There were at least four upsides to the way this worked.
First: Everyone was building their own characters, mostly from scratch, so we were all in the same boat. If characterization was thin it was usually understood that constructive (key word) criticism could be offered and accepted. Maybe even in the form of dropping random questions (prompts) in someone’s ask box, or participating in ask memes à la the fourth thing on this list.
Second: Because tumblr is set up for things to stream by on your dash, most OCs had static profile pages on their blogs as a kind of character cheat sheet for new followers. Name, age, gender identity, height, build, and hair and eye colors were pretty standard, but other than that there was a lot of variation. Some writers preferred to intentionally keep the character’s backstory or certain life details murky, especially if it wasn’t something the character would be willing to openly share. The point, though, is that if you wanted to create a new character in the community there was no shortage of examples of the kinds of details that could go into doing that.

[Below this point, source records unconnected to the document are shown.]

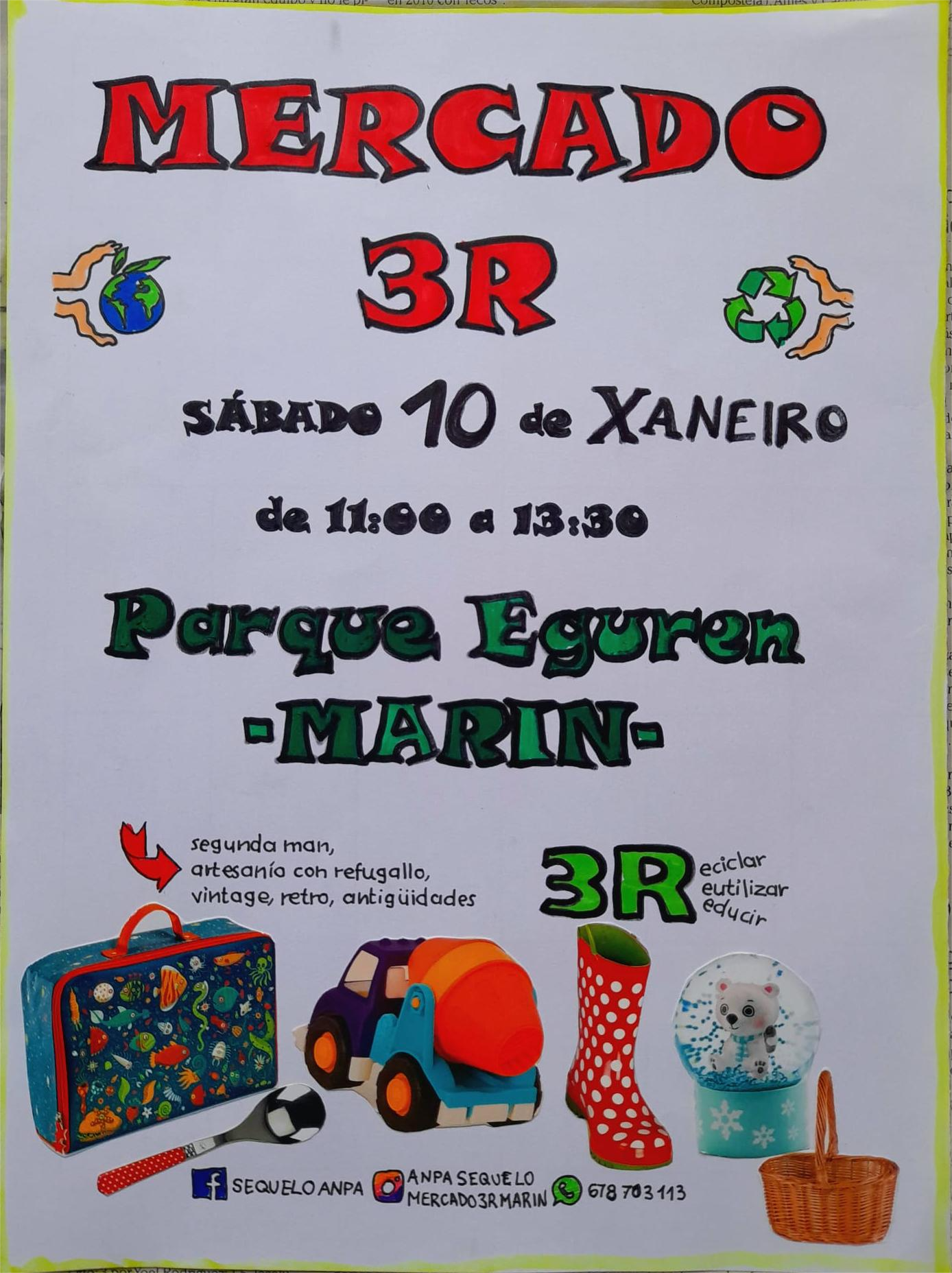 Comienza un nuevo año y continúa la actividad ocasional del “Mercado 3R” que frecuentemente utiliza el Parque Eguren para ofrecer una potabilidad de dar una segunda vida a artículos diversos a la vez que se beneficia a colectivo de alumn@s apoyando sus actividades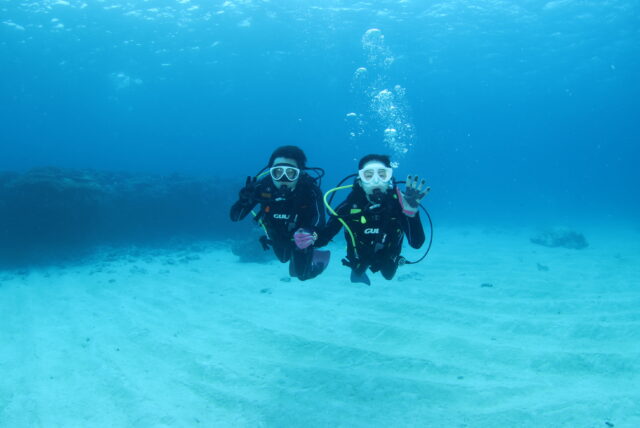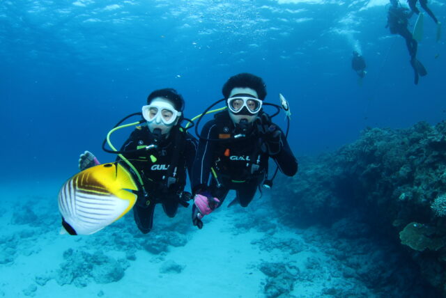 初のダイビングにチャレンジのお二人でしたが、後半にはスイスイと泳いで余裕の表情でした。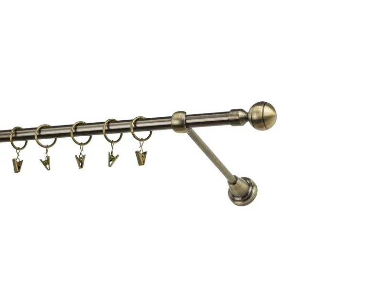 Jednořadá garnýž s povrchovou úpravou - odstín antik (matné zlato). Celokovová garnýž s kvalitní povrchovou úpravou - galvanické pokovování. Galvanické pokovování zabezpečuje vyšší povrchovou tvrdost, zvýšenú dolnost vůči poškrábání, hladký povrch. Dodávané jsou v kompletech.

Third: Face claims, which are #2 on this character building list (which comes with a helpful worksheet). These were encouraged in the same way profile pages were, as a helpful resource to promote interaction. It’s an exercise basically picking a real live person to serve as a muse for what the character looks like. The awesome upside of doing this was that if you were following any artists who were open to the idea, you could request drawings of your character. Or sometimes they would just randomly post and/or send you art.
Fourth: The most effective way to start new RP threads was to reblog one of those numbered question memes and wait for someone to drop numbers into your ask box. Even if this didn’t actually kickstart some response and interaction, at the very least it would be answering a question in character.

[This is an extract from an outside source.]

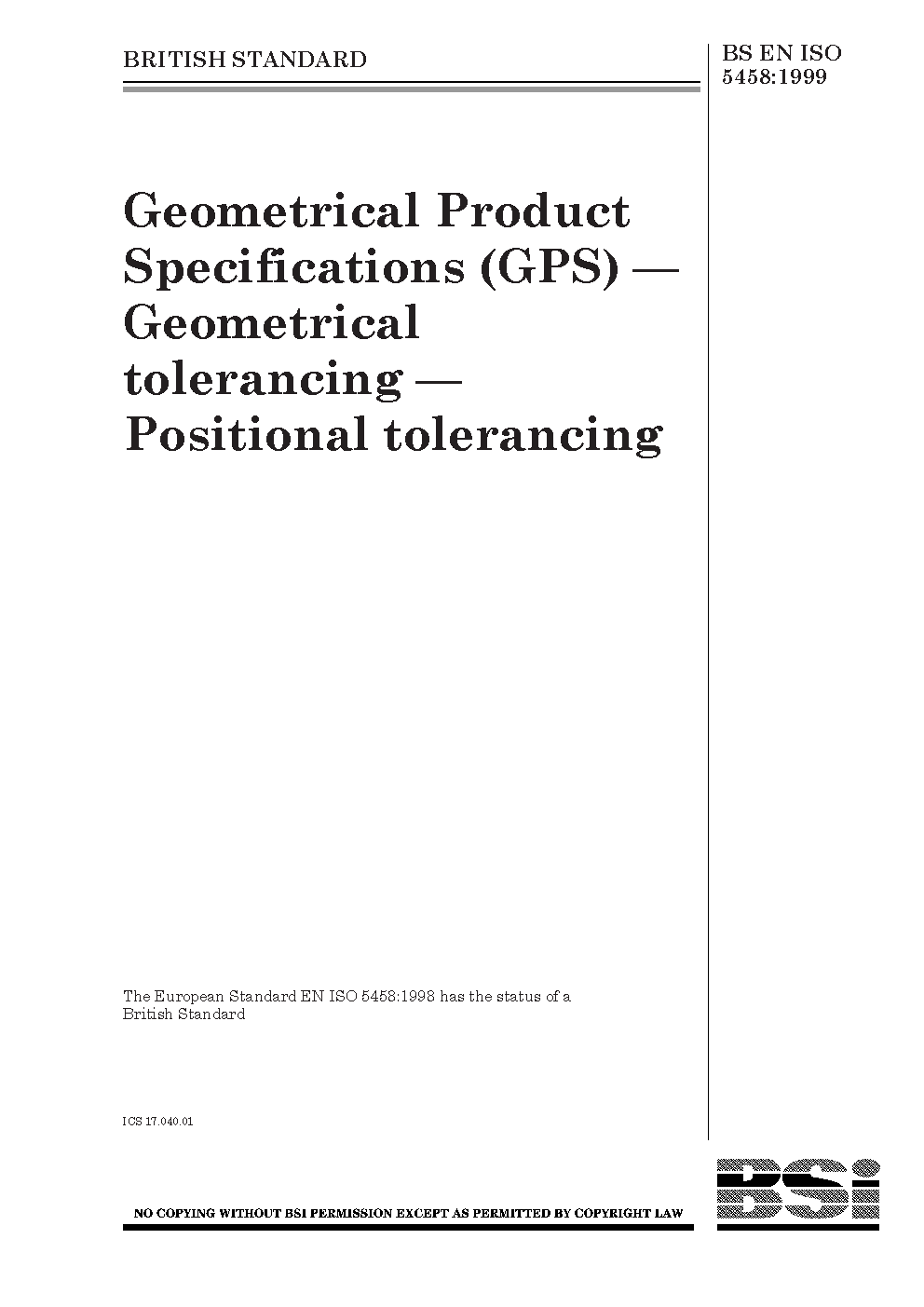 BS EN ISO 5458:1999

The characters in my novel came out of this process. At this point they’ve been around for years and I’ve only now found them a story of their own. Surprisingly little about them has to change — just the cultures they grew up in.
… All of this is slightly off topic from what I intended to talk about, but that’s okay.

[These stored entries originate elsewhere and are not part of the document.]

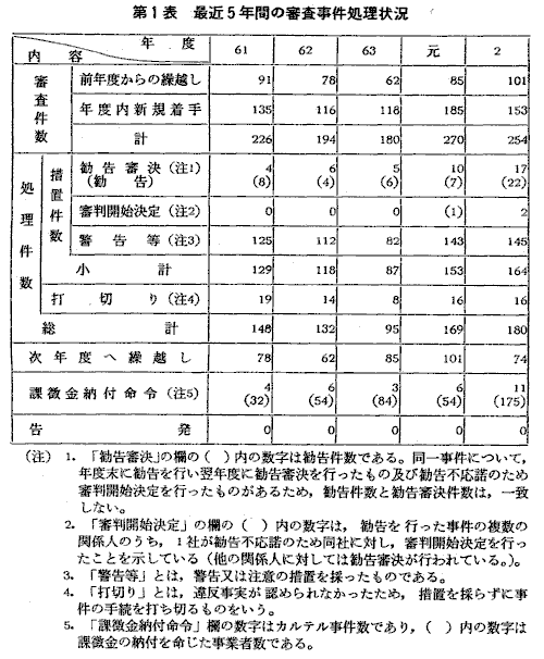 勧告審決,審判開始決定,警告又は注意のいずれかの措置を採ったものを
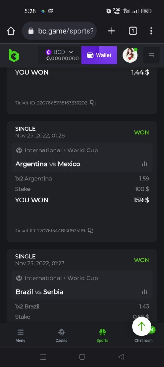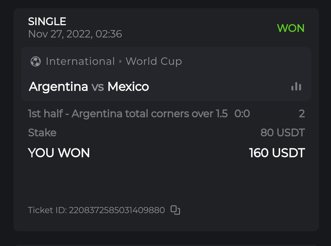BCGame_Ewa Posted November 22, 2022 Share Posted November 22, 2022 (edited)  BET AND WIN AFA JERSEY SIGNED BY MESSI! 🗓 Duration: 24th November - 19th December 00:00 AM UTC 🗓  This World Cup has brought so many giveaways at BC.GAME and to continue this amazing journey we are here with yet another amazing giveaway with Argentina Jersey Personally signed by Lionel Messi! Continue reading below to find out how you can win this amazing jersey!  RULES: Place a bet on any of the match on WORLD CUP 2022 to win this amazing jersey. Player who make a post with highest payout bet will be the winner of a jersey. You can either bet small amount on high odds or big amount on small odds. The highest payout means amount which include stake and profit. Bet has to be placed during promotion period to be valid. Bet will be counted as entry for a day it is settled not placed. There will be one jersey winner per day. Bet result with “win” is valid to submit the ticket id. For multiple valid ticket id submitted, only the highest amount will be entertained. Single, Multis & Combo parlays are  acceptable, but only placed for matches on WORLD CUP 2022.  Minimum VIP Minimum VIP 8 Level and above.  Market available for this promotion All markets are available.  Minimum odds requirement Minimum odds 1.5 (European) and above.  Minimum bet size Equivalent to  5 USD  Eligible currencies All cryptocurrencies are eligible (except JB, BCL)  How to Participate : Post your Ticket ID, along with your ticket id & screenshot, as a reply to this thread as follows. Providing the bet link is not mandatory.  Example for reference : Ticket ID: 2206827573999178156  Payout for this bet is $119 and this amount will be counted as entry for the event. If the selection results in a void or postponement, the ticket ID will not be counted. Cashed out, half win bets are not eligible. Create a SINGLE post. If you get a better result, edit your existing post  don't create a new post. Bets must be placed & settled during the time window specified above. This thread will automatically lock when the time period ends. One (1) entry per family. If someone attempts to claim multiple prizes, they will be disqualified from the challenge as well as all future challenges. This may also result in account termination. Failure to follow the instructions will result in the cancellation of your submission. By entering this challenge, you acknowledge that BC.GAME has final decision rights over results and placement. Winners will be contacted with 72 working hours at the end of event  Good luck! You can place your bets here.   Edited November 24, 2022 by BCGame_Ewa 9 Link to comment Share on other sites More sharing options...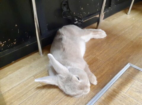 11時の飛行機なので早起きし、看板うさぎラッピーにご挨拶。調子が悪いそうで今日は病院に行く言ってたな頑張れよラッピー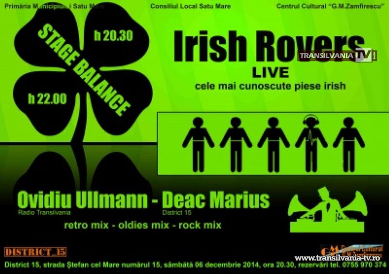 Sâmbătă, 6 decembrie 2014, ora 20.30 la District 15 – Stage Balance – concert live cu Irish Rovers (Carei) şi party cu Ovidiu Ullmann şi Marius Deac. Intrarea pe bază de rezervare la numărul de telefon 0755 970 344.

To be more three dimensional, characters should be written with personal growth already a part of their history. That way they enter the reader’s awareness as flawed, relatable, and ultimately human. (This goes for both heroes and villains.) But they still need to change in some way in between the first and last sentences of the story.
Since I like character building, I often set this up to happen for two characters mainly by creating an isolating situation and playing them off each other a lot. The questions I have to ask myself ahead of time in order to do that are, to paraphrase the above quotes:
- (internal) Which matches can they not strike for themselves that the other can, and why?
- (external) What experiences and new ideas will character A open character B’s eyes to, and vice versa?
- (for me) How do I solve a problem like character A/character B?
I know there are plenty ways to set up these changes, this is just what I’ve noticed I tend to do. Maybe I should make a conscious effort to shake that up sometime.
What are your usual methods for building character development in a story?